An attorney for a 13-year-old girl has filed a civil lawsuit against a small East Baltimore private school and one of its former teachers who is awaiting trial on charges of raping and sexually abusing three teenage girls.

The lawsuit names convicted felon Charles Carroll, 28, the Community Initiatives Academy and principal Christina V. Phillips Holtsclaw as defendants. It seeks $6 million in damages.

Carroll, who is being held without bail, was hired by the school in the 1400 block of E. Biddle St. about a year after he was released from prison in 2001 after serving time for a second-degree murder conviction.

The lawsuit, filed late last month, contends Holtsclaw and the school were negligent for hiring Carroll, who they knew was a felon, and not informing parents about his past. It charges that they did not adequately supervise him.

Neither the school nor Holtsclaw returned phone calls seeking comment about the lawsuit, which also claims the girl suffered physical and emotional damage after allegedly being raped by Carroll in a classroom in February.
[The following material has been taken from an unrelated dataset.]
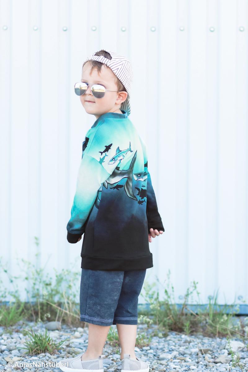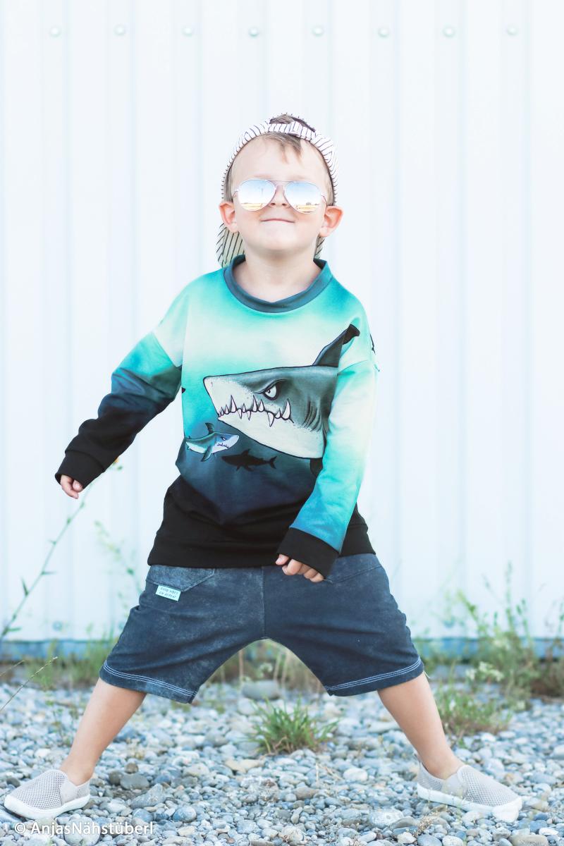 Dieses French Terry Panel Shark Tank bringt echtes Meeres-Feeling ins Nähzimmer. Das kraftvolle Design von Thorsten Berger zeigt imposante Haie vor tiefem Türkis-Blau und sorgt für einen starken, sportlichen Look – ideal für kleine und große Abenteurer. Das Panel misst ca. 85 x 150 cm und eignet sich hervorragend für Hoodies, Sweater, Longshirts oder Kleider mit Statement-Front. Auch als Vorderteil für ein cooles Shirt oder kombiniert mit unifarbenem French Terry wirkt das Motiv besonders stark. Durch den Elasthan-Anteil ist der Stoff angenehm elastisch und bequem zu tragen – perfekt für aktive Kids. Der Farbverlauf endet in einem schwarz - unser schwarzer French Terry ist der perfekte Kombistoff und unter dem Artikel für euch verlinkt.

In past interviews, the principal said she wanted to give Carroll a second chance and did not think his murder conviction - which stemmed from a fight in 1995 - posed a threat to children.
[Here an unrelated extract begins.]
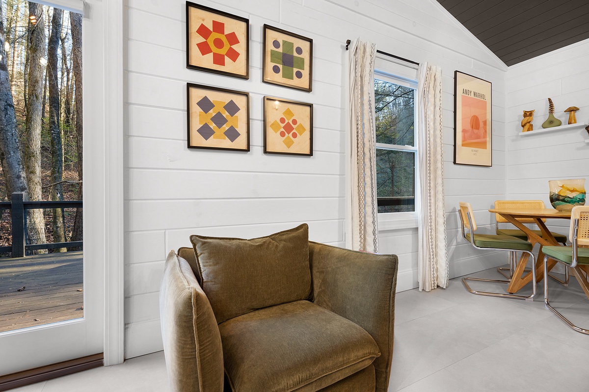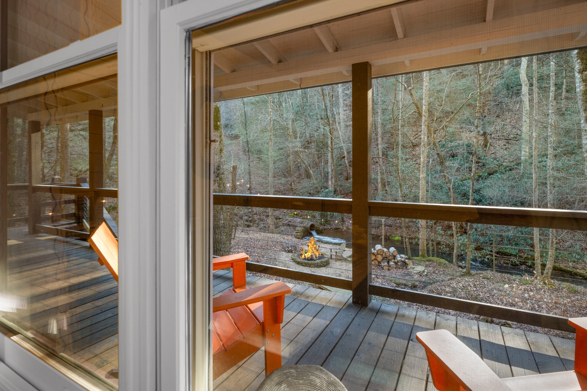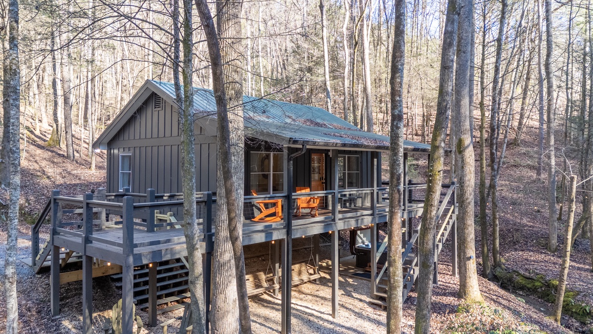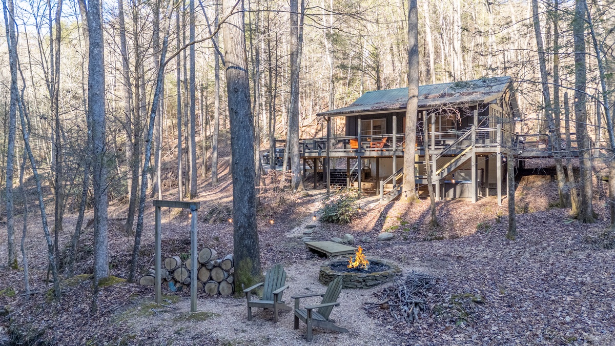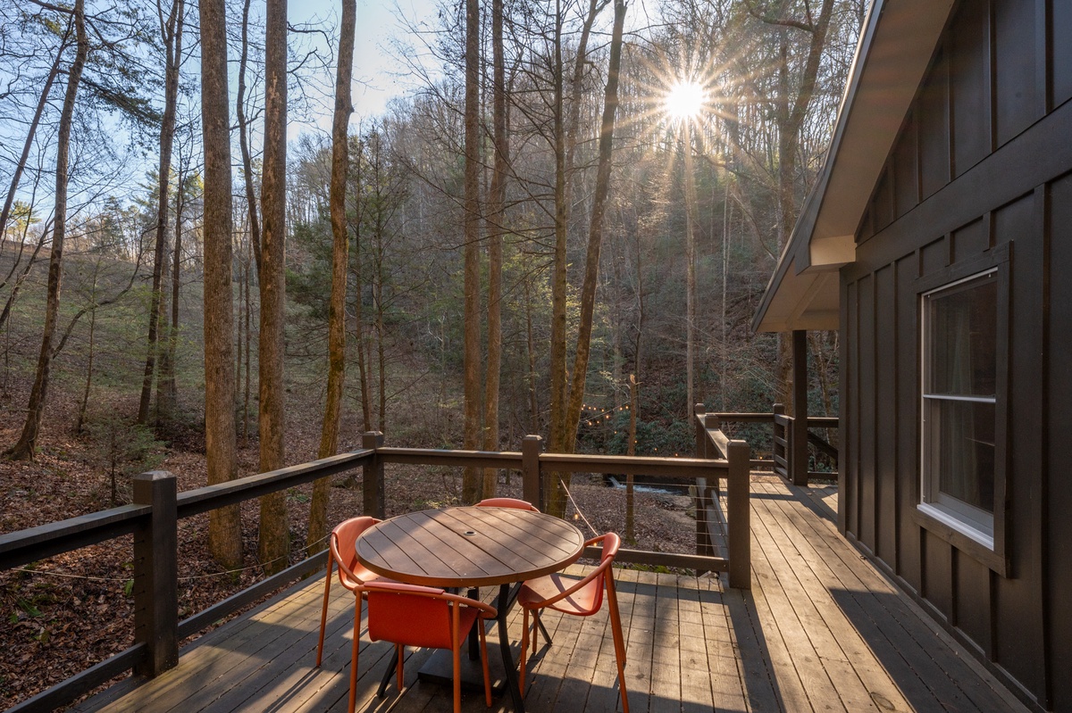 706 On The Creek is a distinctive creekfront cabin set on a private 3-acre lot, offering a bold and creative space with a high-end 1950s, Mid-century modern-inspired vibe. This thoughtfully designed cabin blends modern comforts with artistic style, creating a stay that feels truly unique.

"Sometimes people like that ... they don't get a chance," Holtsclaw told The Sun in May. "I felt [the murder] had nothing to do with children, and I hired him."

John Amato IV, a lawyer representing the 13-year-old plaintiff and her mother, said the lawsuit was spurred in part by Holtsclaw's comments to The Sun and other news organizations.

"It just shows me she appointed herself the decision-maker in this case without input from people who deserve to know, namely, the parents and students," Amato said.

The names of the plaintiff and her mother are not being published because The Sun does not identify people who may have been sexually victimized.

After the arrest, which occurred after a parent called police about the allegations, some parents were outraged that the school did not inform them of Carroll's criminal background.

Under state law, private schools are required to do a background check of all their employees but are not required to give the results to state officials. There are no state laws regulating who can teach in a private school. Public schools, on the other hand, are forbidden from hiring a teacher who has been convicted of a violent crime.

Carroll, who also faces charges that he groped two other students in March and April, pleaded not guilty last month. He is scheduled to stand trial Aug. 11.

His attorney, Warren A. Brown, has argued that the case against Carroll is weak because the victims did not immediately come forward. Brown also said it was his client who first informed the school administration about the allegations against him.